▶ _PROBLEM STATEMENT_: Below is a listing with pictures in it; transcribe exactly the lines from the one that has "118㎡户型是五种四房户型里" through the one that has "Delhi minister Manjinder", and omit those pictures.

▶ _EXERCISE INPUT_:
*** Begin section ***

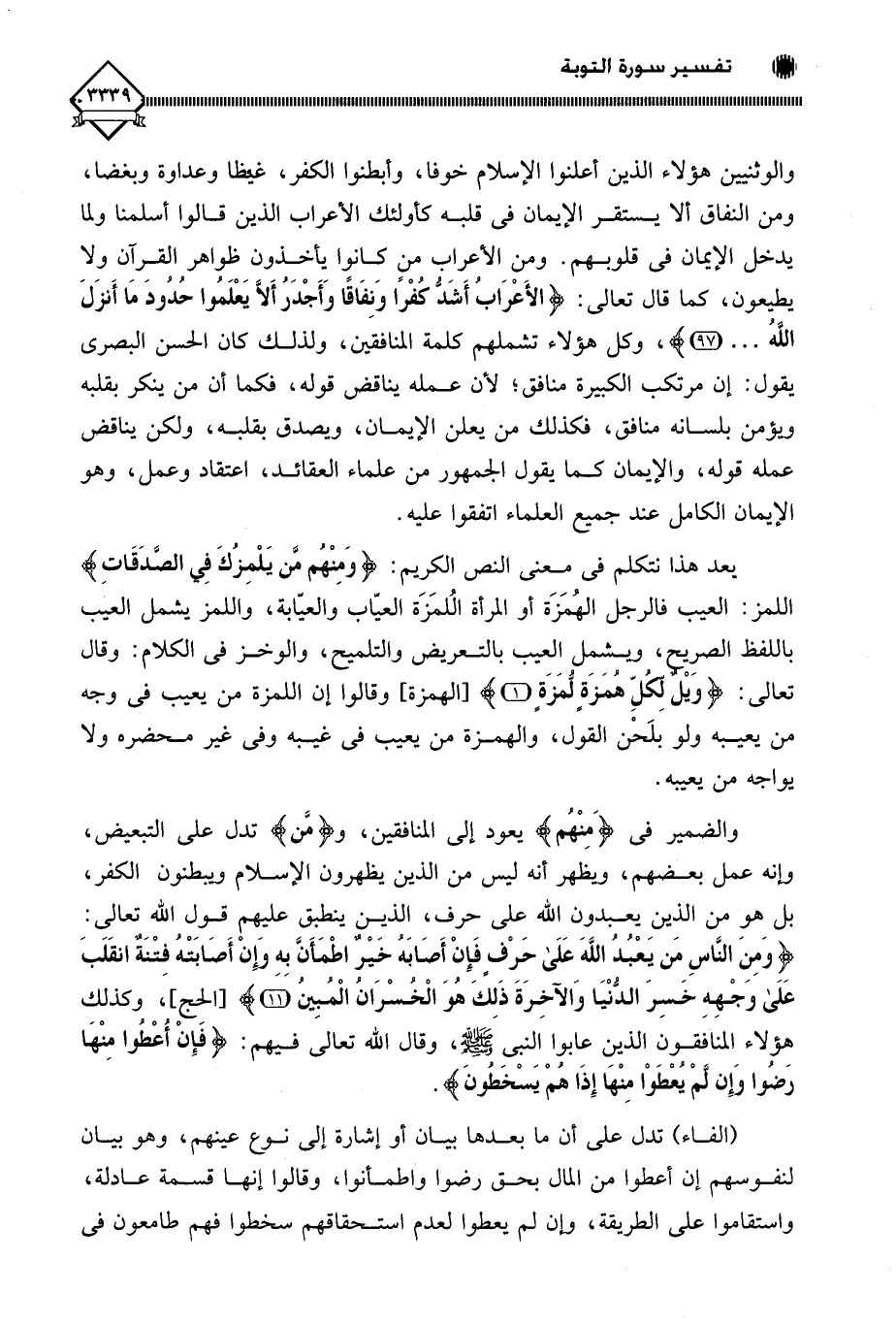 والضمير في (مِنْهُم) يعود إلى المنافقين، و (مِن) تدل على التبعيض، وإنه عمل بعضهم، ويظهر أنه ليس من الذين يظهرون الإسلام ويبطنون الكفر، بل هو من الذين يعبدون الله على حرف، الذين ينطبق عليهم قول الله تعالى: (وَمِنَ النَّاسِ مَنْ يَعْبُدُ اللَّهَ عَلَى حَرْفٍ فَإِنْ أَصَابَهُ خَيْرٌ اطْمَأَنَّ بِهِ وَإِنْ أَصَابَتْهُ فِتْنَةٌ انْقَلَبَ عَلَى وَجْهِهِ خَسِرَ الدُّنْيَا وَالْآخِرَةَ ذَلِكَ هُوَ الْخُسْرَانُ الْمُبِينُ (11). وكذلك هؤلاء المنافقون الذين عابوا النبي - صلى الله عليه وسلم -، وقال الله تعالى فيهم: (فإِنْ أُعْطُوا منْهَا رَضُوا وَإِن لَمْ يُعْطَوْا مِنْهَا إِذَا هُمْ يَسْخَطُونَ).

*** End section ***
*** Begin section ***

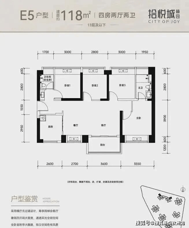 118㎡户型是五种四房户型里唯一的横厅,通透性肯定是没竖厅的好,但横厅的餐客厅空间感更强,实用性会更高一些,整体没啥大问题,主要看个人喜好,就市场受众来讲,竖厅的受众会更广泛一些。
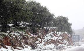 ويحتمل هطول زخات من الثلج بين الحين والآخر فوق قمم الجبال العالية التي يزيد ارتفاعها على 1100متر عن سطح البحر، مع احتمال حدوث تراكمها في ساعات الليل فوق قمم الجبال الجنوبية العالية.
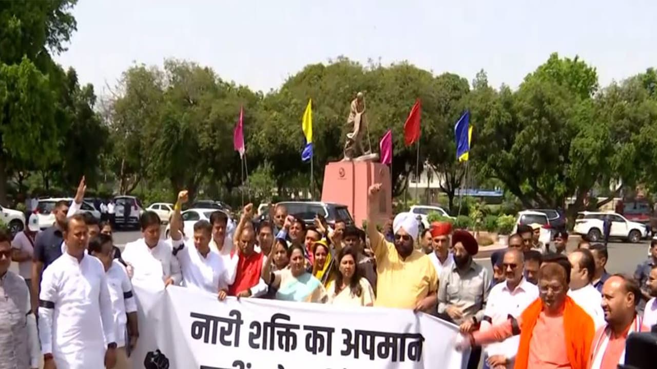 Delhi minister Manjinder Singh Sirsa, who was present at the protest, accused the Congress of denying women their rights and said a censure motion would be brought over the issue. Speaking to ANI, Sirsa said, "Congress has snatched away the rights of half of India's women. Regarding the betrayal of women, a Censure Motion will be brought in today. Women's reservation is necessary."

*** End section ***
*** Begin section ***

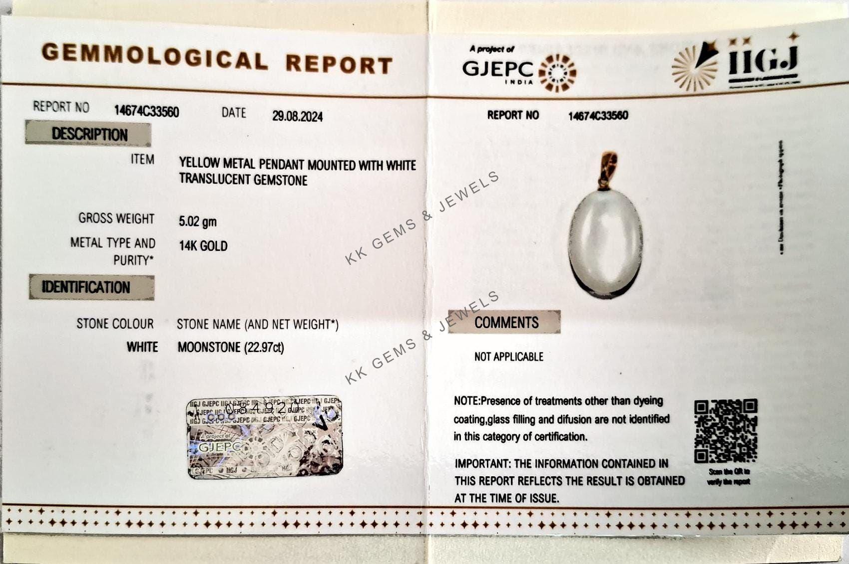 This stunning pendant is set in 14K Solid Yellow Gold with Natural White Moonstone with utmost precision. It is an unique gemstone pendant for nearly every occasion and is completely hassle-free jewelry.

*** End section ***

▶ _RESULT FOR THIS TASK_:
 118㎡户型是五种四房户型里唯一的横厅,通透性肯定是没竖厅的好,但横厅的餐客厅空间感更强,实用性会更高一些,整体没啥大问题,主要看个人喜好,就市场受众来讲,竖厅的受众会更广泛一些。
 ويحتمل هطول زخات من الثلج بين الحين والآخر فوق قمم الجبال العالية التي يزيد ارتفاعها على 1100متر عن سطح البحر، مع احتمال حدوث تراكمها في ساعات الليل فوق قمم الجبال الجنوبية العالية.
 Delhi minister Manjinder Singh Sirsa, who was present at the protest, accused the Congress of denying women their rights and said a censure motion would be brought over the issue. Speaking to ANI, Sirsa said, "Congress has snatched away the rights of half of India's women. Regarding the betrayal of women, a Censure Motion will be brought in today. Women's reservation is necessary."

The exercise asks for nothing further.